Validation: After 30 seconds of operation:

  1. Applied ice pack to DHT11
  2. Watched temperature drop: 25°C → 24°C → 23°C over ~20 seconds
  3. Backend log: tempRate=-0.15 (cooling at 0.15°C/min)
  4. Continued cooling: tempRate=-0.8 after 1 minute

Confirmed working. The system just needed time to build history before showing non-zero rates.


Challenge 6: Dashboard Not Updating with New Scores

Problem: Even after fixing the serial bridge to emit patient.latest, the dashboard still occasionally showed stale risk scores.

Root Cause: React state race condition. Frontend was updating latest state correctly, but the LiveMonitor component's memoized history was not recalculating when latest.risk_score changed.

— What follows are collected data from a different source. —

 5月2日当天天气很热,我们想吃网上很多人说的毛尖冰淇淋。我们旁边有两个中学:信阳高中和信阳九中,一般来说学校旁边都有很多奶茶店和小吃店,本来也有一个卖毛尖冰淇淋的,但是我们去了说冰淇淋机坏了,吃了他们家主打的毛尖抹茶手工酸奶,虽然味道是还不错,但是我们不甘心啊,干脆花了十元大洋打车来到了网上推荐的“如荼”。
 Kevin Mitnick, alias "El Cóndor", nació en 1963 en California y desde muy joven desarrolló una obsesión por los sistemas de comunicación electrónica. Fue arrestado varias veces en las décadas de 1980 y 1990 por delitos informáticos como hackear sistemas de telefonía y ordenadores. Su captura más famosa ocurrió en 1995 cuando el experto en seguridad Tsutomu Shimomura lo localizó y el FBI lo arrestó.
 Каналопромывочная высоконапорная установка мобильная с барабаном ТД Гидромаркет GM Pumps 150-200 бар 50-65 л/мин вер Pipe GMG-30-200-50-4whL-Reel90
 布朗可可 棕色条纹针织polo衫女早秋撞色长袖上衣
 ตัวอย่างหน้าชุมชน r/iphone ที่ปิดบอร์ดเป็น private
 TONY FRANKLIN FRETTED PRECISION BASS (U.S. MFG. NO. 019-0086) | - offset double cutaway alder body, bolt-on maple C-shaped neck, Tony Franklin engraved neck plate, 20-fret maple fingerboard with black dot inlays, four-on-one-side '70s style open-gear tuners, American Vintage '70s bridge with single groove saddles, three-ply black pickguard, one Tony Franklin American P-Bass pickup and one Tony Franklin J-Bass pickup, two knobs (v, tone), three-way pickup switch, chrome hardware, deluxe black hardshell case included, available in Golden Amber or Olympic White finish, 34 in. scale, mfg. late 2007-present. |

Solution: Changed history fetching to trigger on latest?.alert_level dependency:

const fetchHistory = useCallback(() => {
  fetch(`${apiUrl}/patients/${patientId}/history?minutes=${timeWindow}`)
    .then(/* ... */)
}, [patientId, timeWindow, apiUrl, latest?.alert_level]);  // ← Added dependency

Also ensured real-time updates append enriched readings to rolling history:

socket.on('reading', (reading) => {
  // reading is already enriched by backend
  setHistory(prev => [...prev, reading].slice(-MINI_HISTORY_MAX));
});

Result: Charts now update in real-time, showing risk score climbing from 5 → 15 → 28 → 40 as pressure is applied.

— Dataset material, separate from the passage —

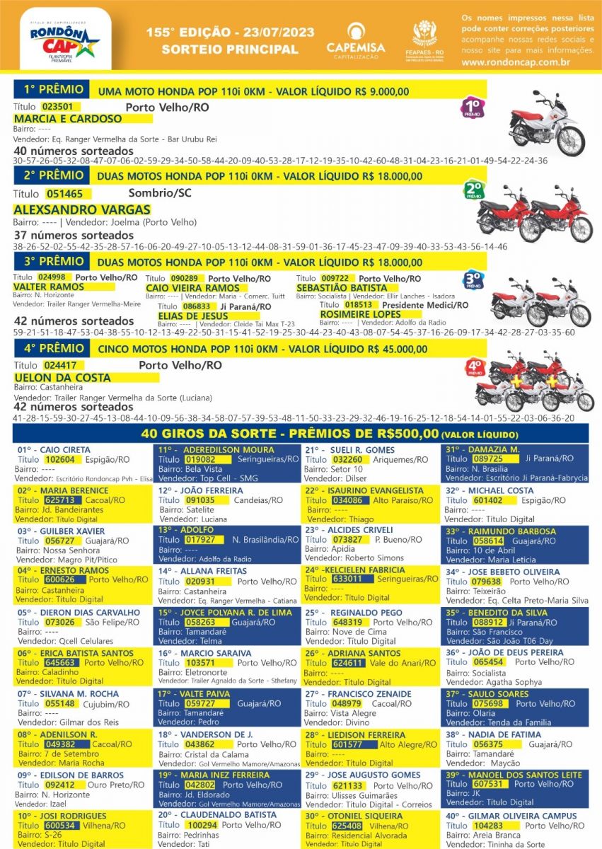 Quem ganha no Rondôncap todo mundo vê, vamos vê agora os melhores momentos do sorteio de Ontem.
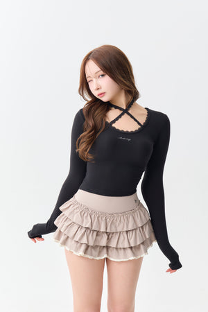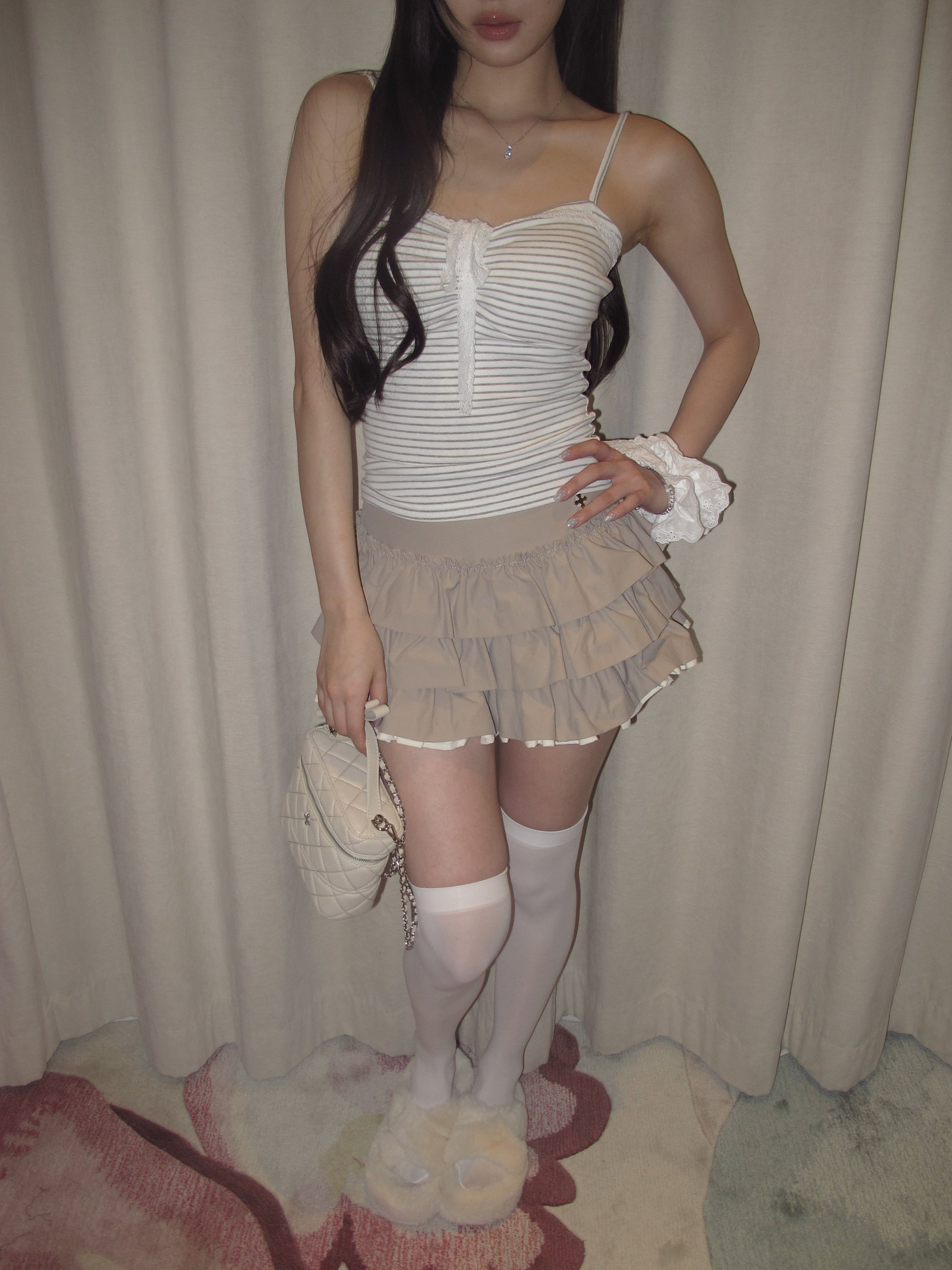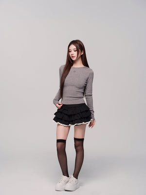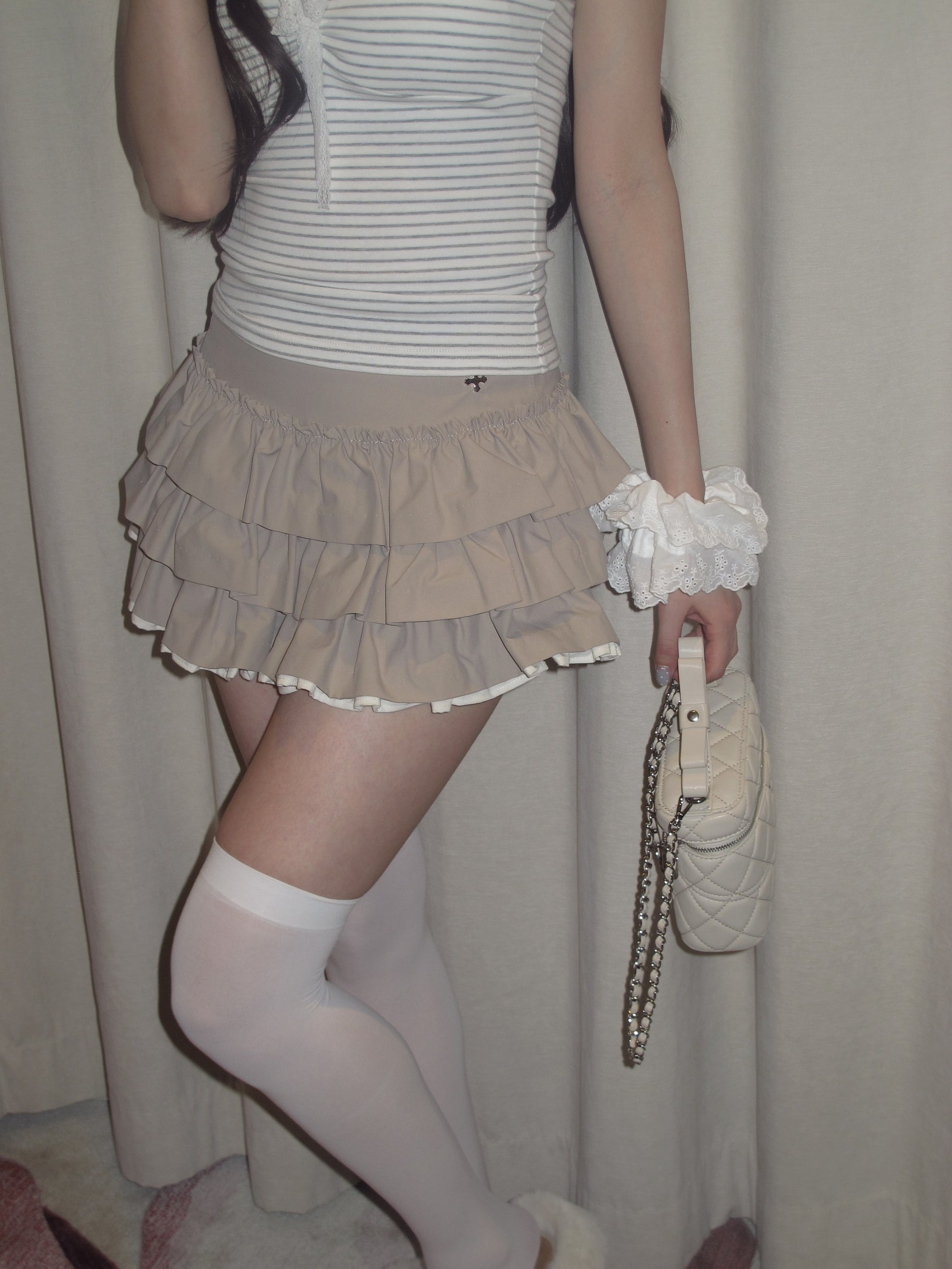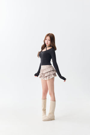 (PRE:check) Charm Frill Culotte Mini Skirt

Accomplishments That We're Proud Of

The team delivered a fully operational prototype including:

  • Complete three-sensor hardware integration with custom DHT11 protocol implementation
  • Working serial-to-backend pipeline with auto-detection of ESP32 USB devices
  • Production-ready dashboard with five real-time trend charts (risk score, temperature, rate-of-change, humidity, pressure)
  • Multi-signal fusion algorithm validated through systematic testing (pressure now contributes meaningfully to risk scores)
  • INS Infiltration Scale mapping (0-4) with protocol-specific nursing action recommendations
  • Manual recalibration functionality triggered from the dashboard
  • Rate-of-change computation over rolling 10-reading window (~20 seconds) for urgency detection

What We Learned

The project demonstrated that physiological signal fusion requires careful sensor characterization and domain-specific weighting. Temperature drop proved to be the most reliable infiltration indicator, while pressure detection demanded component selection (appropriate pull-down resistor) matched to the force range of subcutaneous swelling. The team gained experience implementing custom sensor protocols (DHT11 without libraries), debugging hardware-software integration through serial logging, designing time-series data enrichment pipelines, and mapping quantitative risk scores to standardized clinical grading systems (INS Scale).

What's Next for VeinVigil

Future iterations will implement proper enclosure design with medical-grade adhesive mounting, integrate a coin cell battery for wireless operation, adopt MQTT protocol for reduced power consumption, and add statistical confidence intervals to risk scores based on sensor noise characterization. The team plans to validate the risk scoring algorithm against simulated infiltration scenarios (controlled cooling and pressure application) and explore integration with hospital EHR systems via HL7 FHIR APIs. Post-hackathon development will focus on IRB-compliant pilot studies with nursing staff feedback to refine alert thresholds and clinical workflow integration.